(Records to use):
----
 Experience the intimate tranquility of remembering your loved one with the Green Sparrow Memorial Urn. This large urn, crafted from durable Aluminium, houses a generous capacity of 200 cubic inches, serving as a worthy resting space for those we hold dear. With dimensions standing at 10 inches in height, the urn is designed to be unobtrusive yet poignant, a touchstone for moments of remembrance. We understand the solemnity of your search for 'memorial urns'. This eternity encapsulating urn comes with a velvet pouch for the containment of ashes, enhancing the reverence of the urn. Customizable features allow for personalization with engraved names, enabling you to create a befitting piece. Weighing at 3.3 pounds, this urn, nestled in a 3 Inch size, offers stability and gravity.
----
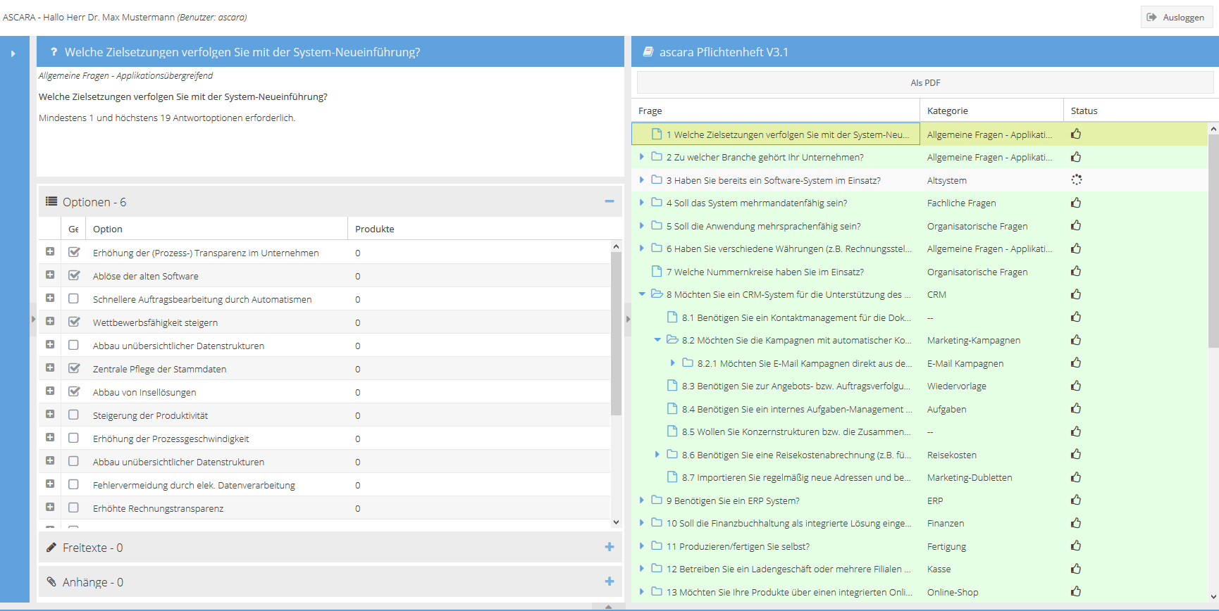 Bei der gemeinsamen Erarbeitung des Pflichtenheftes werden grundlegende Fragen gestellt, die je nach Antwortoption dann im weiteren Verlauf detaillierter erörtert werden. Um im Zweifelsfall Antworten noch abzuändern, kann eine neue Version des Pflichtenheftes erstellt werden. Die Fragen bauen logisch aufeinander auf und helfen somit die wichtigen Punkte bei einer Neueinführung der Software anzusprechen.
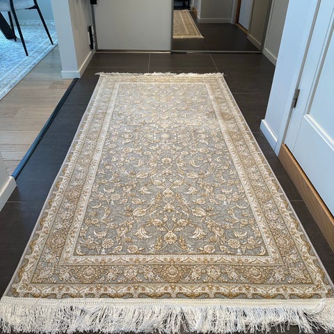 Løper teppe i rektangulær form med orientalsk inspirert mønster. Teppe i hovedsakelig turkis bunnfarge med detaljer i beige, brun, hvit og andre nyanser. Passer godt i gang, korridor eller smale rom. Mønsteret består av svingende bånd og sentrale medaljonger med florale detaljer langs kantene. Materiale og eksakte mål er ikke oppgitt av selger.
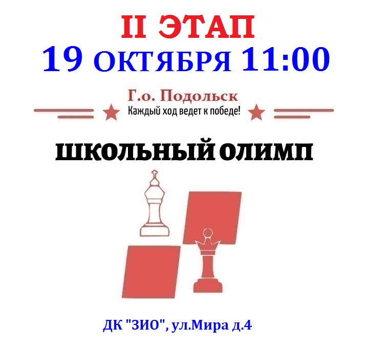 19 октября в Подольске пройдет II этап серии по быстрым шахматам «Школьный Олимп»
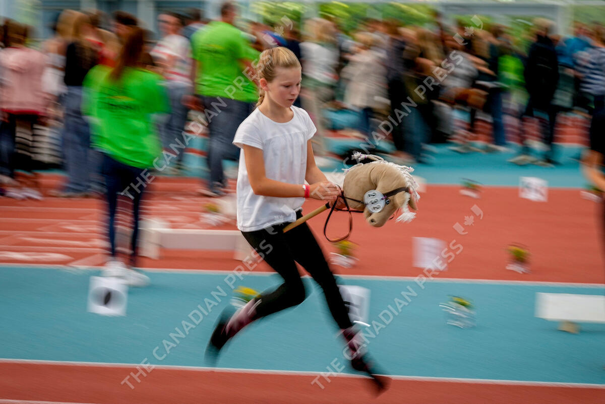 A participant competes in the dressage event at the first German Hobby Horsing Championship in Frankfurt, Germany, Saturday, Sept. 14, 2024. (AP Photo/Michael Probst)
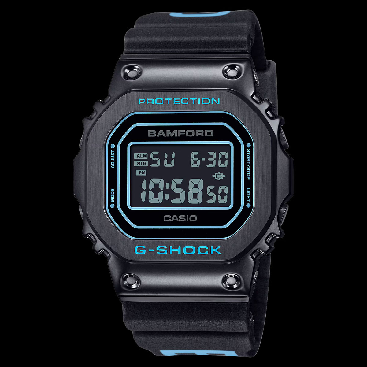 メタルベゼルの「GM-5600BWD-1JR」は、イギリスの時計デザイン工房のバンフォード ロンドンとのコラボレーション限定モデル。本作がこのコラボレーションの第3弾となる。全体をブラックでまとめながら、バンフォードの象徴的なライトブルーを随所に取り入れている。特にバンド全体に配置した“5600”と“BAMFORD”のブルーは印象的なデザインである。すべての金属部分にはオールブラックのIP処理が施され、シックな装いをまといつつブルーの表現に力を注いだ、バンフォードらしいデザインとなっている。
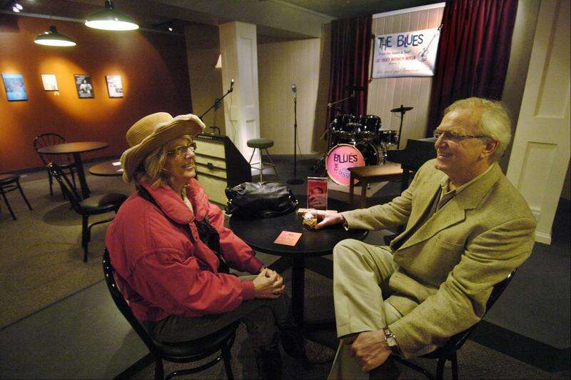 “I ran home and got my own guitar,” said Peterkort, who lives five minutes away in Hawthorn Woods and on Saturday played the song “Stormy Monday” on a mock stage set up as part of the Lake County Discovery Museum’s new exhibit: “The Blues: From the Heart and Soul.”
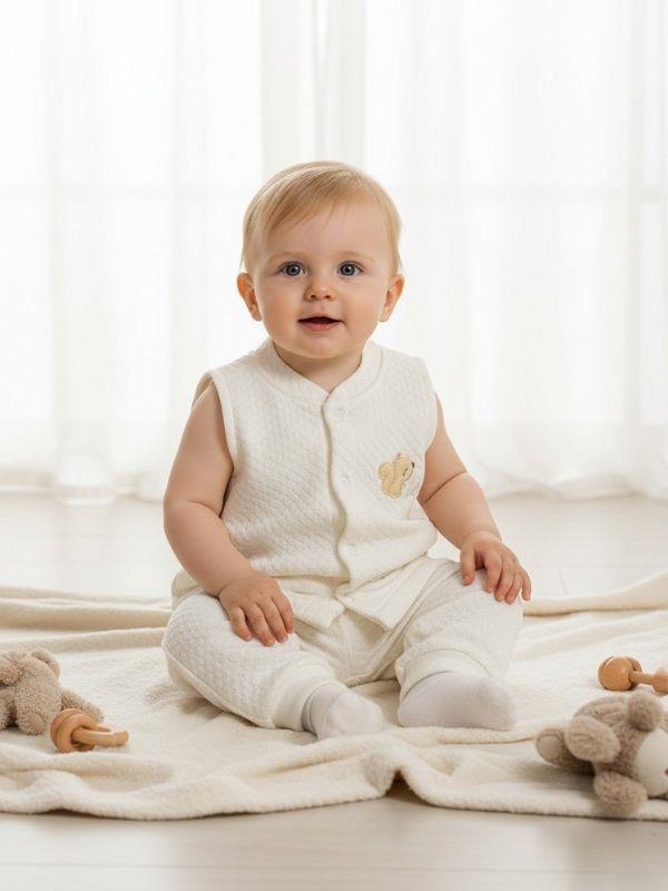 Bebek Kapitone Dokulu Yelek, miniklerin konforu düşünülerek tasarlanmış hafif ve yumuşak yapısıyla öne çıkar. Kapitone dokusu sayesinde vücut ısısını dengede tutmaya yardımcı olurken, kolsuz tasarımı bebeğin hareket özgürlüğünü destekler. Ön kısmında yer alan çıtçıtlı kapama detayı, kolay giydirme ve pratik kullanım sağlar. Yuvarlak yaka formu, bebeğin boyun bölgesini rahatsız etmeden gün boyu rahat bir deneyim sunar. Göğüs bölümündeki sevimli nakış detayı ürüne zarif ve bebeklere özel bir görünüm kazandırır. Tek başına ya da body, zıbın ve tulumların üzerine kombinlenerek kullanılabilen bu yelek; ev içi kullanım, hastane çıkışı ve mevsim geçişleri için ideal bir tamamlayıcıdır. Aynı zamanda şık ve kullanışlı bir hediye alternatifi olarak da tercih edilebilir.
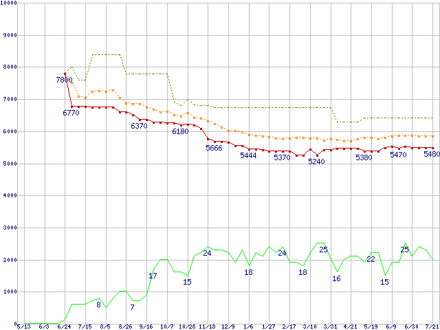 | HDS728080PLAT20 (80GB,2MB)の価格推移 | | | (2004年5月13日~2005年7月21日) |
----
What belongs in the answer is each line above from the line with "Løper teppe i" to the line with "A participant competes", inclusive, reproduced exactly and free of pictures.

(Solution to this problem):
 Løper teppe i rektangulær form med orientalsk inspirert mønster. Teppe i hovedsakelig turkis bunnfarge med detaljer i beige, brun, hvit og andre nyanser. Passer godt i gang, korridor eller smale rom. Mønsteret består av svingende bånd og sentrale medaljonger med florale detaljer langs kantene. Materiale og eksakte mål er ikke oppgitt av selger.
 19 октября в Подольске пройдет II этап серии по быстрым шахматам «Школьный Олимп»
 A participant competes in the dressage event at the first German Hobby Horsing Championship in Frankfurt, Germany, Saturday, Sept. 14, 2024. (AP Photo/Michael Probst)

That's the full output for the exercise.